L'actu de Montpellier

le 04 décembre 2013

Montpellier, le grand pardon à La Mosson

Leur coach, Jean Fernandez, mis sur la sellette par Nicollin, les joueurs se disent prêts à 200 % pour dissiper le malaise.

Les flingues sont encore fumants. Du moins celui de Louis Nicollin. Mais le calme et une forme d’union sacrée semblent revenus sur la plaine de Grammont. Après avoir tiré samedi dans le dos de son coach, sans intention de l’abattre, le boss s’est expliqué avec lui, lundi, autour d’une bonne table et de bons mots comme on sait si bien les mitonner à Montpellier. C’est pagnolesque, excessif à souhait et une méthode certainement éculée de la carotte et du bâton. Avec les méchants médias dans le rôle des porteurs de bâtons pour préparer le terrain et l’opinion, au cas où…

Crucial, décisif, sulfureux, à haut risque ? 

Entre Loulou “la mitraille” et Jeannot le tacticien, subsiste donc une paix des braves qui n’aurait, en fait, jamais été rompue. « Il m’a exposé ses reproches, je lui ai donné des explications. J’accepte les critiques, surtout venant de mon président car elles ont souvent un fond de vérité. Je suis dans la réflexion, un pro. J’écoute pour avancer », assure Jean Fernandez à quelques heures de ce Montpellier – Lorient qu’on ne sait plus trop comment qualifier ? Crucial, décisif, sulfureux, à haut risque ? Déterminant à coup sûr, pour une équipe de Montpellier qui avance au rythme d’un relégable (15 points en 15 matches). Ses cinq points d’avance sur le trio de queue ne lui font sans doute pas sentir la morsure du feu. C’est pour ça, évidemment, que Loulou a allumé le lance-flammes après la cuisante défaite à Marseille, vendredi (2-0).

Du déjà vu

On avait perdu l’habitude de ces matchs au parfum capiteux de la peur, où le couperet balance au-dessus de la tête de l’entraîneur. Dieu sait, pourtant, si le club en a connus : un Montpellier – Nice fatal à Gérard Gili (1994) ; plus près de nous, en Ligue 2, un Montpellier – Châteauroux (2 007) qui scella la fin de l’ère de Domergue et l’arrivée du pompier Rolland Courbis, au bord du précipice du National. Même le “coach” vacilla, deux ans plus tard, au soir d’une défaite à domicile contre Lens (0-1) qui semblait enterrer les espoirs de montée en L1. Oui, on avait oublié ces retours de flamme de l’histoire au cours de quatre années Girard où le club a beaucoup plus gagné que perdu. Et qui se sont achevées par des fâcheries de riches autour d’une hypothétique prolongation.

Jean Fernandez reste serein

Jean Fernandez risque-t-il vraiment d’allonger la liste – assez longue – des coaches sacrifiés à La Paillade sur l’autel des résultats si Lorient confirme mercredi soir ses deux derniers cartons en Ligue 1 ? Louis Nicollin a assuré que non.
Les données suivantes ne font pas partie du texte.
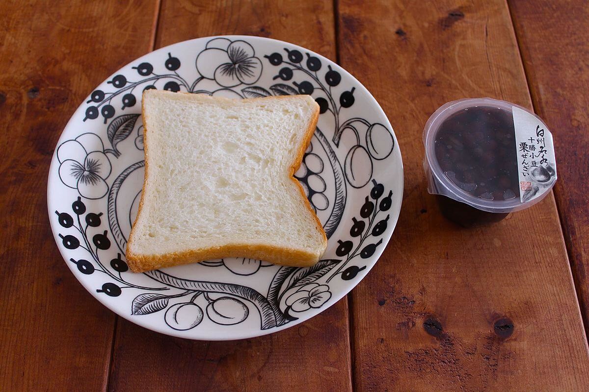 「白州名水 十勝小豆 栗ぜんざい」の半分と、「無添加食パン」を組み合わせて作るのは、

Le coach sait qu’il travaille désormais sans filet et avec pour seul matelas en cas de chute, celui de cinq points sur le premier relégable. « Quand il n’y a pas de points, l’entraîneur est forcément menacé, a répondu mardi l’intéressé. Je ne suis pas dans la situation de penser que je serai remercié en cas de défaite. J’ai une grande confiance et un grand respect dans le président. » Quel visage affichera Montpellier mercredi soir ? Sur le plan tactique, l’intervention présidentielle va sans doute le tourner davantage vers l’offensive. Encore que le choix des hommes reste terriblement limité par les forfaits de Camara et Bakar. La grave blessure de ce dernier ramènera très vite sur le tapis la nécessité absolue de recruter au moins un attaquant au mercato.

Une révolution en marche ?

Mais c’est bien sur le terrain de l’état d’esprit et de l’engagement que Montpellier entend gagner mercredi soir. Homme fort du milieu et taulier du vestiaire, Benjamin Stambouli est venu planter le décor d’une révolution positive décrétée dans le vestiaire. Il a évoqué un message « qui est bien passé pour une remise en question de tous, y compris ceux qui jouent peu » et fait appel « aux vertus guerrières et pailladines si bien incarnées par Pascal Baills ». C’est comme ça à Montpellier. À chaque fois qu’on pique une crise, on se raccroche aux valeurs originelles, au passé riche et musclé. Et souvent, ça marche. Mercredi soir, ça fera mouche si les joueurs, eux, tirent à balles réelles.